Provided that you get your vehicles checked out to ensure that the ABS is working fine which in most cases with an ASC warning light on it will be. The ASC warning it seems is related to ASC issues which has separate control to the ABS it seems.
We drove our Outlander for a whole year with the ASC warning light on with no adverse affects whatsoever other than the ASC was not operational of course, and 90% of cars on the road do not have ASC anyway.
On the few occasions where the ABS was needed it worked fine and also worked under test.
When we eventually got the problem fixed it turned out to be the ECU for the ASC. Basically a PCB controller board which as an engineer with thirty years experience in electronics and software I would estimate costs Mitsubishi no more than around $30.00 to $50.00 from their supplier.

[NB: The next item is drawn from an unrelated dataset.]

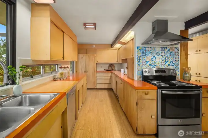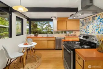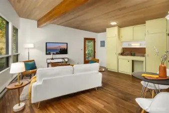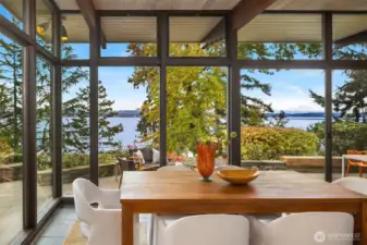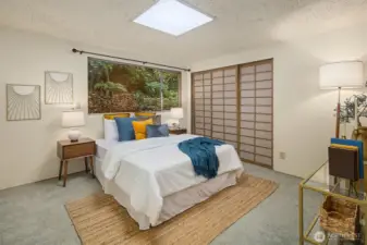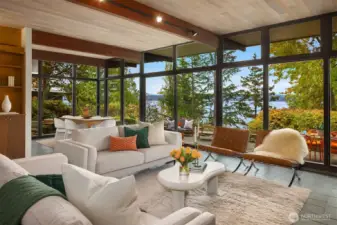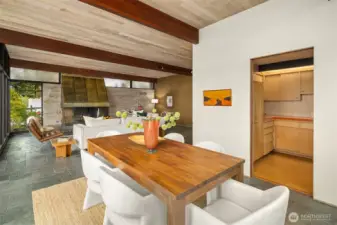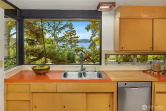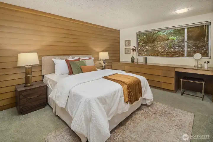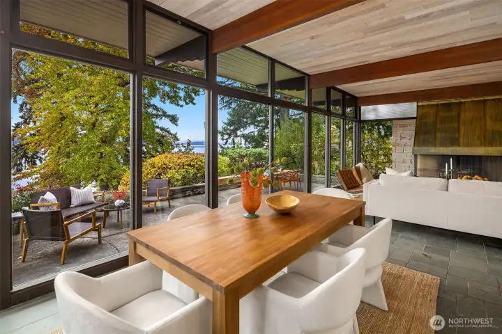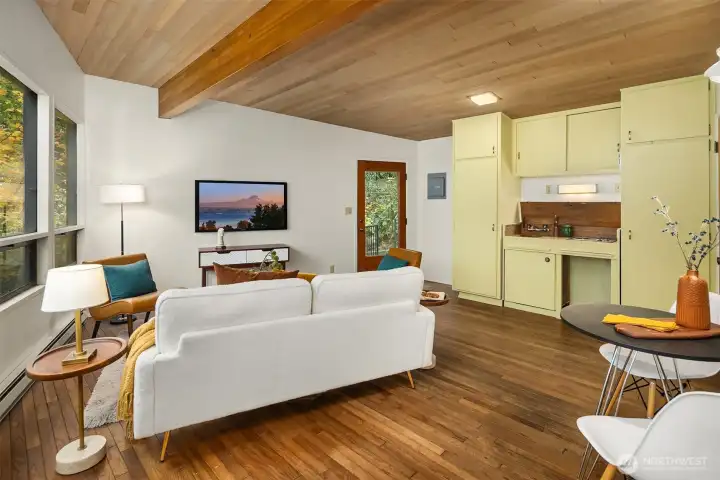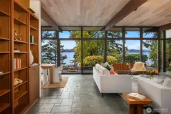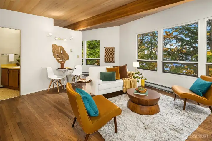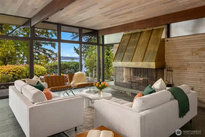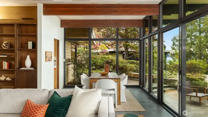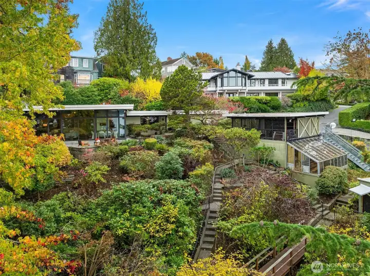 Featured in the Seattle Art Museum's 1955 Architectural Tour, this John Ridley designed residence captures the essence of the Pacific Northwest modernism, elegant, natural and timeless. Every element reflects mid-century style with original details including a striking copper fireplace with cantilevered hearth, terrazzo and slate floors, shoji screen doors, solid wood ceilings with exposed beams and warm tones throughout. Open living area with floor to ceiling windows, Lake Washington views and bedrooms with en-suite baths. below, a separate guesthouse offers additional space, kitchenette, and 3/4 bath with sweeping views. Bring your vision to restore this rare mid-century gem to it's architectural glory. Close to U-Village, Burke Gilman.

This however was quoted at  1,200 (approximately $1,900) including labor and as we were buying a new Outlander PHEV I negotiated this down to around  850. (Approximately $1,350.00). The labor and VAT (purchase tax) accounts for a lot of this, but the dealers and Mitsubishi are making a significant chunk of cash out these faults. It is no wonder that they do not solve the problems at source.
Generally speaking my experience of Mitsubishi is not good. The vehicles are over-priced, unreliable and expensive to maintain.
Despite this I have bought the Outlander PHEV as a company vehicle as the fuel/electricity running costs are very good and the tax for the company car benefit if excellent in the UK only 5%.
Having said this it is very expensive to maintain with only 12,000 miles service interval worse than my Jaguar XF 3.0 D S at 16,000 mile intervals for massively higher performance engine being run at much higher stresses!
Our PHEV has done 22,000 miles in year 2/3 of which is on electric no involvement of the engine. So why the heck is the service interval so short? To make more money for the dealers it seems!